Given data:
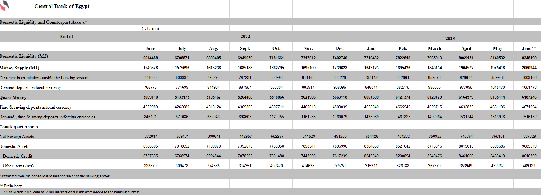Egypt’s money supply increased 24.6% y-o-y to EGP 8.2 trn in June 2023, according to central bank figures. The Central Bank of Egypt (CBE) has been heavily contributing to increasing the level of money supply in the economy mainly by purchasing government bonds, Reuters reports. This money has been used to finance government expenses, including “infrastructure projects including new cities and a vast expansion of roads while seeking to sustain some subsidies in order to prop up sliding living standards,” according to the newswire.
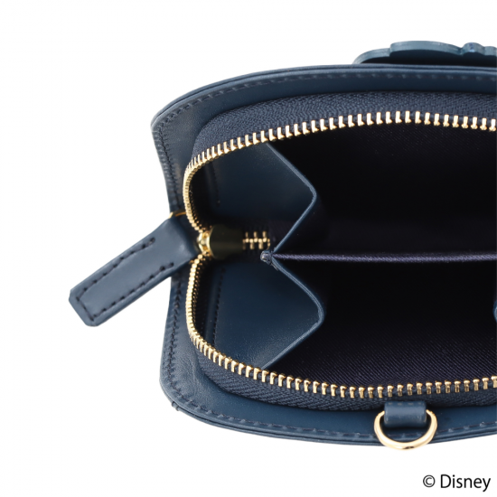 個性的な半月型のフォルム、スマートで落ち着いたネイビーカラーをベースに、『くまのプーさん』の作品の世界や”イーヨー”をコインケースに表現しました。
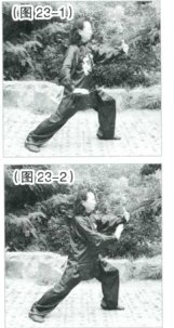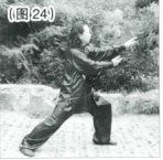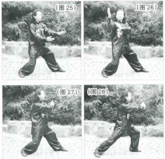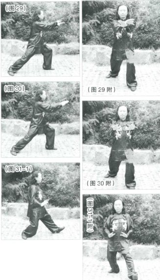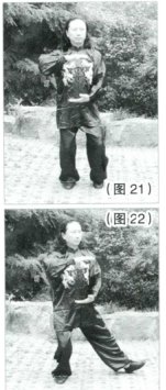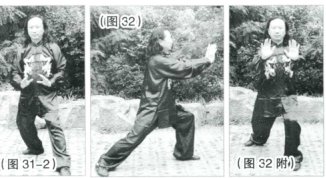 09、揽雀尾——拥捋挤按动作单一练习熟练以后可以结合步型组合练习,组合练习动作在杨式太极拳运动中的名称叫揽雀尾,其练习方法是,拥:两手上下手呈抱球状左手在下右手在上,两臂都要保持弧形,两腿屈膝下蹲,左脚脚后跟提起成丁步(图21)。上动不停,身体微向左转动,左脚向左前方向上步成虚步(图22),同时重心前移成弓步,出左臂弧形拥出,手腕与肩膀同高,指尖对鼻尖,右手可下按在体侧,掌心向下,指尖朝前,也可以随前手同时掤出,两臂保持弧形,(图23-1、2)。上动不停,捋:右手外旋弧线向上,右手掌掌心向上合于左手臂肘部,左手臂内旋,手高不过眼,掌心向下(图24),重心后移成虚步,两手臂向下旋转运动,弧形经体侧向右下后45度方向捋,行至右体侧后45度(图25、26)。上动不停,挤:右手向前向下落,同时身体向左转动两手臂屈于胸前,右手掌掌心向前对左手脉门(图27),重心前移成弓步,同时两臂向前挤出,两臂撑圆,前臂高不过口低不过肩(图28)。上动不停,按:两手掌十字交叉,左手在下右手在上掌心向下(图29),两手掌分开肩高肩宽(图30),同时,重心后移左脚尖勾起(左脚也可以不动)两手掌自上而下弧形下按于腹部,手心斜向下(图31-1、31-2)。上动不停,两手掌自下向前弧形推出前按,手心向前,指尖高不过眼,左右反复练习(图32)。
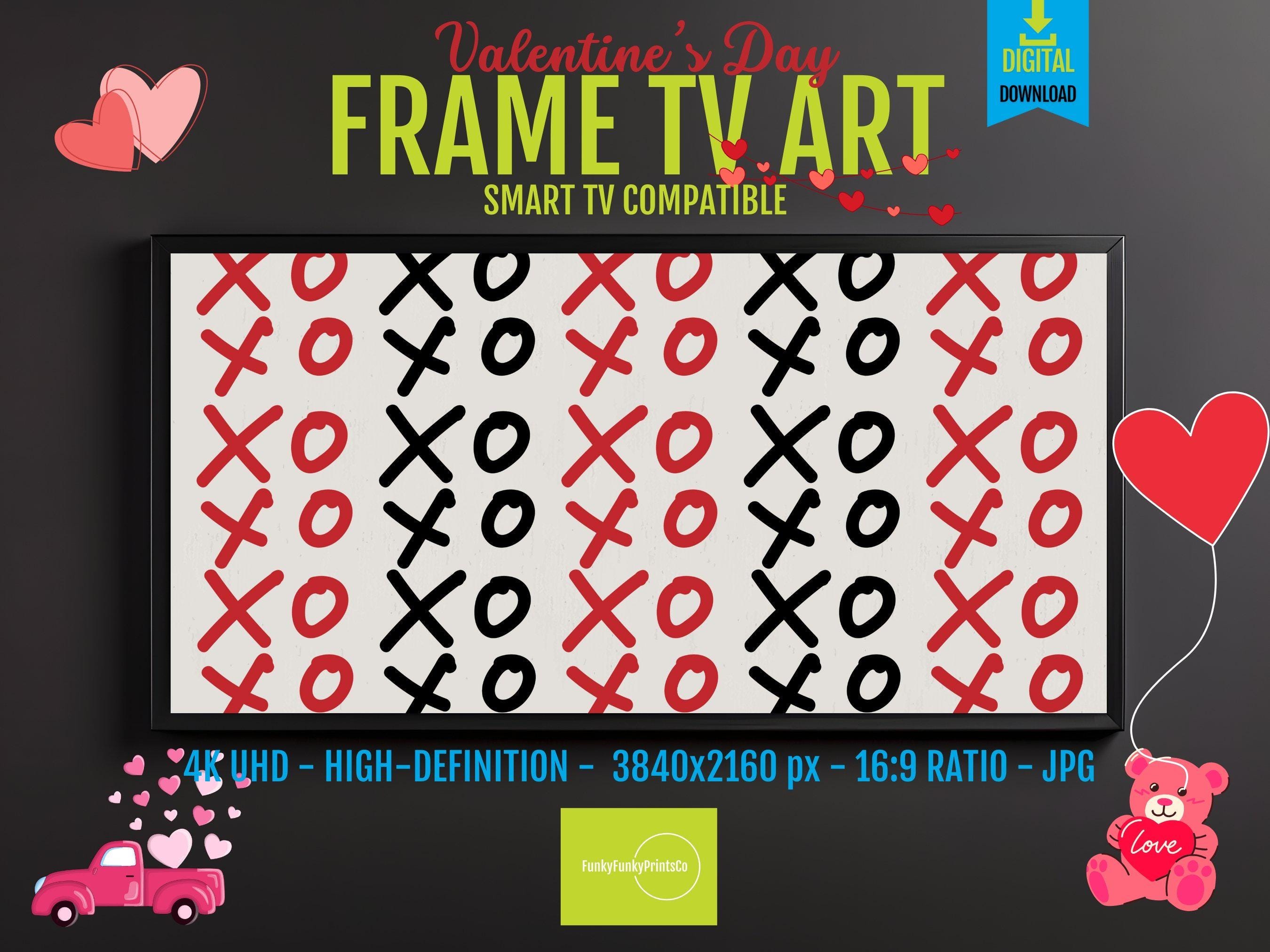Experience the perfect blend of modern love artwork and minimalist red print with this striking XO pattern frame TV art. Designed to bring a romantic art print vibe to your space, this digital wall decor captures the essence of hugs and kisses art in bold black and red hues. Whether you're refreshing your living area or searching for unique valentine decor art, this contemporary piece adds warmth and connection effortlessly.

...

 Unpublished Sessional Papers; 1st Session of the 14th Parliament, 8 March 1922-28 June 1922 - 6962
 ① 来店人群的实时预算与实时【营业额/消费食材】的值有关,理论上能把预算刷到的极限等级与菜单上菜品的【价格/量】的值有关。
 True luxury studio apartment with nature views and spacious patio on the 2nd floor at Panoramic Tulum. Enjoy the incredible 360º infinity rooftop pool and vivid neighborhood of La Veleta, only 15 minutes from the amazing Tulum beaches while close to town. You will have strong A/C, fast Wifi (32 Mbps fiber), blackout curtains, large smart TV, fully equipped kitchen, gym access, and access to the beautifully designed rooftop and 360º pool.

* * *

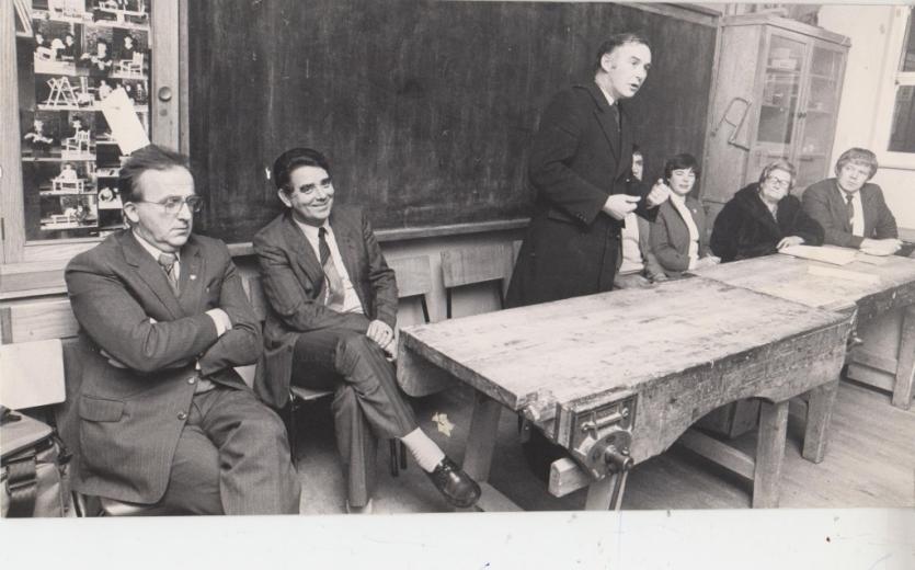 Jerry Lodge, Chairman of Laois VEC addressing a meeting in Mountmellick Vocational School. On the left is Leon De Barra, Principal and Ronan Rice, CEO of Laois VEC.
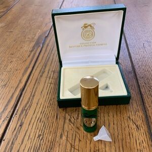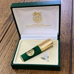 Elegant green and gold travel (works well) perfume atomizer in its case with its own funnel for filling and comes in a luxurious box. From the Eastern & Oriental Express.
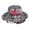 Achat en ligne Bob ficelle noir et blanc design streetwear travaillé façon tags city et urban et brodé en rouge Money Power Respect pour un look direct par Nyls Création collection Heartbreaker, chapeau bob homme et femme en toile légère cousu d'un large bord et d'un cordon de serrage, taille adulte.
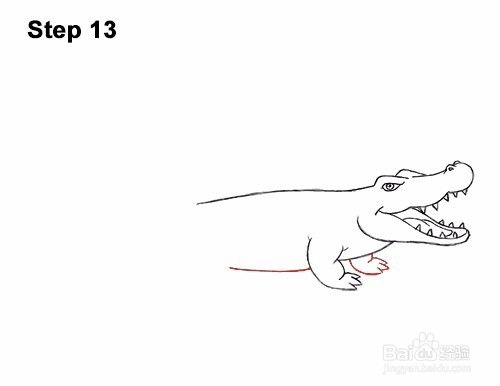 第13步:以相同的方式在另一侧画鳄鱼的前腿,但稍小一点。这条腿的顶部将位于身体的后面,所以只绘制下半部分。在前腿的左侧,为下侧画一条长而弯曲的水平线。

About this task:
The range runs from the line above containing "① 来店人群的实时预算与实时" to the line containing "True luxury studio", inclusive. Restate those lines word for word and no others.

Answer:
 ① 来店人群的实时预算与实时【营业额/消费食材】的值有关,理论上能把预算刷到的极限等级与菜单上菜品的【价格/量】的值有关。
 True luxury studio apartment with nature views and spacious patio on the 2nd floor at Panoramic Tulum. Enjoy the incredible 360º infinity rooftop pool and vivid neighborhood of La Veleta, only 15 minutes from the amazing Tulum beaches while close to town. You will have strong A/C, fast Wifi (32 Mbps fiber), blackout curtains, large smart TV, fully equipped kitchen, gym access, and access to the beautifully designed rooftop and 360º pool.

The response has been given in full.